Aim of the exercise
Nothing but the lines below from the one that contains "白同学曾于2007至2008" through the one that contains "After the drop, GHST" should be retyped, exactly and including both ends. Do not include pictures.

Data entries

------------

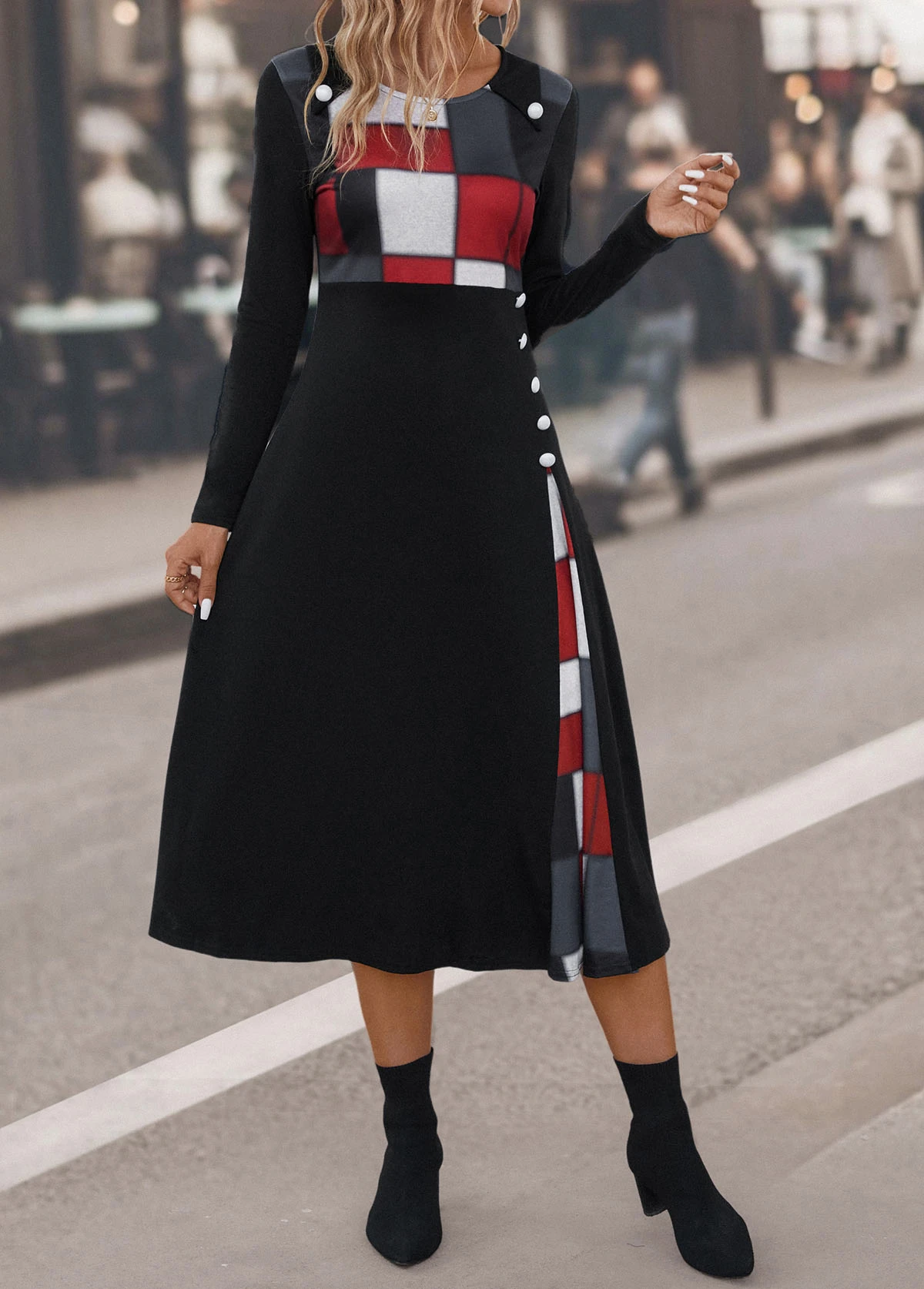 Black Button Plaid Three Quarter Length Sleeve Dress
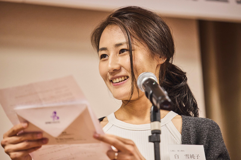 白同学曾于2007至2008年作为心连心的第2期学生前往京都的高中留学。她收到了自己在17年前回国时写给未来的自己的信,并作为毕业生代表发表了致辞。“我现在芝加哥大学担任心理学准教授。心连心项目不仅为我的职业发展奠定了基础,更彻底改变了我看待世界的方式。我在东京大学攻读了教育社会学,又在普林斯顿大学攻读了心理学与公共政策专业,目前正致力于研究人类与人工智能的刻板印象、偏见以及移民问题。但我始终认为,任何论文和理论都比不上在高中与大学里学到的知识。希望大家也能将心连心留学经验转化为塑造未来人生的全新视角。衷心祝福大家今后前程似锦。”
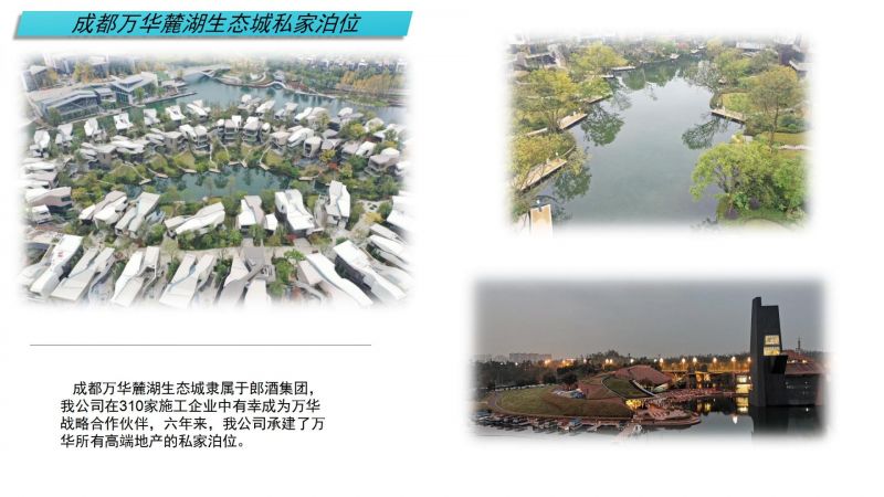 成都万华麓湖生态城被誉为中国房地产界“四大神盘”之一,以高端高品质和高要求为名。我司在其310家施工企业中脱颖而出,成为万华战略合作伙伴。七年来,我司承建了万华所有高端地产的私家泊位。
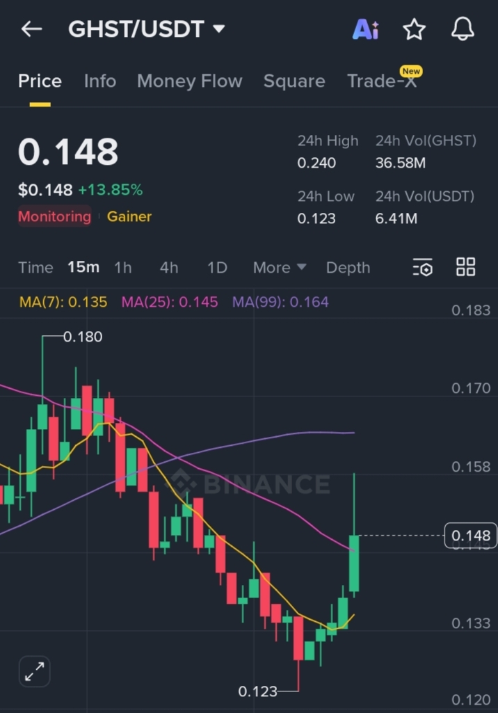 After the drop, GHST printed a clean rebound from $0.123, triggering aggressive buying interest. The move was sharp enough to push price back above the short-term moving averages, confirming a bullish reversal attempt rather than just a small bounce. This is often the first step in a trend shift when a coin has been oversold.
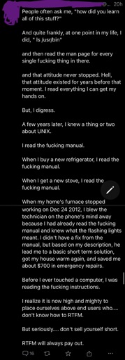 No memory is me being hyperbolic but it’s severely limited. So I feel like reading a manual line by line means I get much less out of it but it’s a large amount of time invested. So I have to factor in that my retention vs time on task is pretty skewed. It’s frustrating. I need to do something a few times to learn. Learning by reading is not great for me. But tech is a very document heavy industry
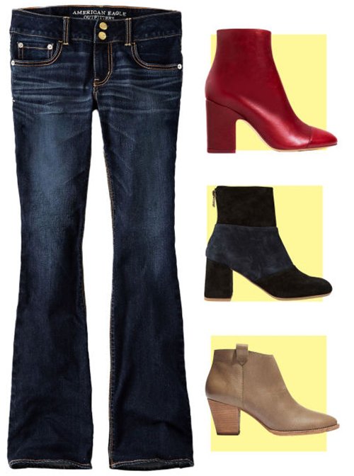 Mùa thu là mùa lên ngôi của những chất liệu cứng cáp như da hay da lộn. Kết hợp quần jeans ống loe cổ điển với đôi boot ngắn cổ từ những chất liệu này sẽ tăng thêm chất thời trang cho phong cách của bạn.
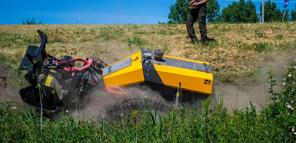 The CR10 is a versatile tool carrier from Herder that can be used for the most diverse purposes and under all circumstances. From mowing verges and ditches to removing stumps. The CR10 is remotely controlled, allowing you to choose a position with the best view of the work and a safe environment. The powerful engine, adjustable high grip tracks and compact design make the CR10 an extremely reliable machine.
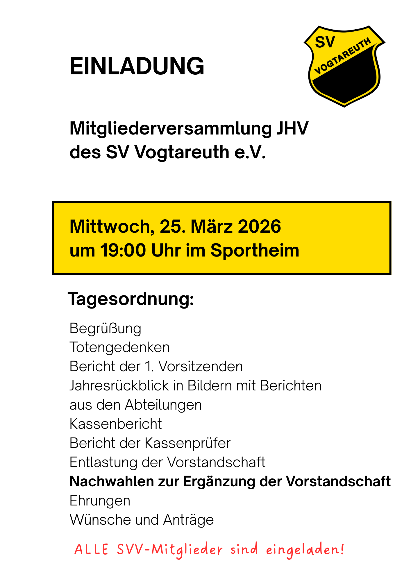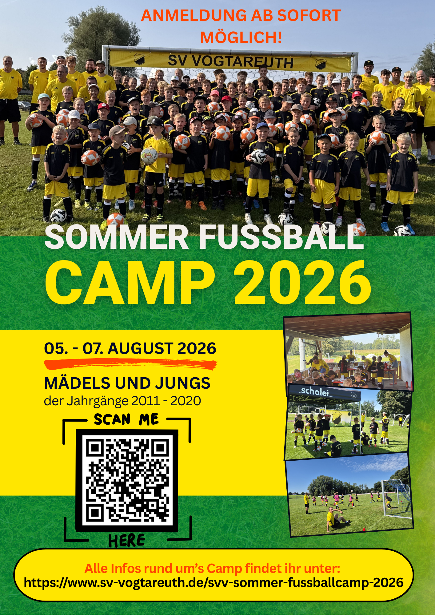 Hier findet ihr alle Infos zu unserem SVV Sommer-Fußballcamp 2026! Nach dem tollen Erfolg im vergangenen Jahr geht unser Fußballcamp beim SV Vogtareuth in die nächste Runde! Vom 5. bis 7. August 2026 dreht sich wieder alles um Fußball, Teamgeist und gemeinsame Erlebnisse auf dem Sportplatz. Freut euch auf drei erlebnisreiche Tage voller abwechslungsreicher Trainingseinheiten, spannender Spiele und ganz viel Bewegung an der frischen Luft. Egal ob Anfänger oder schon echte Nachwuchskicker*innen – bei unserem Camp steht der Spaß am Fußball im Mittelpunkt. Wir freuen uns auf euch – das wird ein Sommer-Märchen! Was euch erwartet: • Alters- und leistungsgerechtes Fußballtraining – perfekt für Anfänger*innen und Fortgeschrittene • Komplettbetreuung täglich von 9:00 bis 16:00 Uhr – drei Tage Fußballtraining mit durchgehendem Programm • Leckeres Mittagessen inkl. Getränk & Nachtisch • Obst & Wasser für zwischendurch – damit niemand schlappmacht • Coole Ausrüstung & ein eigener Ball für jeden Teilnehmer*in • Motivierte Trainer*innen & Helfer*innen , die mit viel Herzblut bei der Sache sind • Jede Menge Bewegung, Spiel, Spaß und Teamgeist • Krönender Abschluss: ein großes Abschlussturnier am Freitagnachmittag – ein echtes Highlight für Kinder und Eltern! Für wen? Alle Jungs und Mädchen der Jahrgänge 2011 bis 2020 , die beim SVV aktiv sind oder einfach Lust auf Fußball, Bewegung und ein tolles Ferienerlebnis haben. Teilnahmegebühren: • 135 € für das erste Kind (Nicht-Mitglieder: 155 €) • 125 € für das 1. Geschwisterkind (Nicht-Mitglieder: 145 €) • 115 € für jedes weitere Geschwisterkind (Nicht-Mitglieder: 135 €) Die Anmeldung ist ab sofort unter https://form.jotform.com/260316499329364 möglich. Anmeldeschluss ist Freitag, der 22. Mai 2026.

------------

Expected output
 白同学曾于2007至2008年作为心连心的第2期学生前往京都的高中留学。她收到了自己在17年前回国时写给未来的自己的信,并作为毕业生代表发表了致辞。“我现在芝加哥大学担任心理学准教授。心连心项目不仅为我的职业发展奠定了基础,更彻底改变了我看待世界的方式。我在东京大学攻读了教育社会学,又在普林斯顿大学攻读了心理学与公共政策专业,目前正致力于研究人类与人工智能的刻板印象、偏见以及移民问题。但我始终认为,任何论文和理论都比不上在高中与大学里学到的知识。希望大家也能将心连心留学经验转化为塑造未来人生的全新视角。衷心祝福大家今后前程似锦。”
 成都万华麓湖生态城被誉为中国房地产界“四大神盘”之一,以高端高品质和高要求为名。我司在其310家施工企业中脱颖而出,成为万华战略合作伙伴。七年来,我司承建了万华所有高端地产的私家泊位。
 After the drop, GHST printed a clean rebound from $0.123, triggering aggressive buying interest. The move was sharp enough to push price back above the short-term moving averages, confirming a bullish reversal attempt rather than just a small bounce. This is often the first step in a trend shift when a coin has been oversold.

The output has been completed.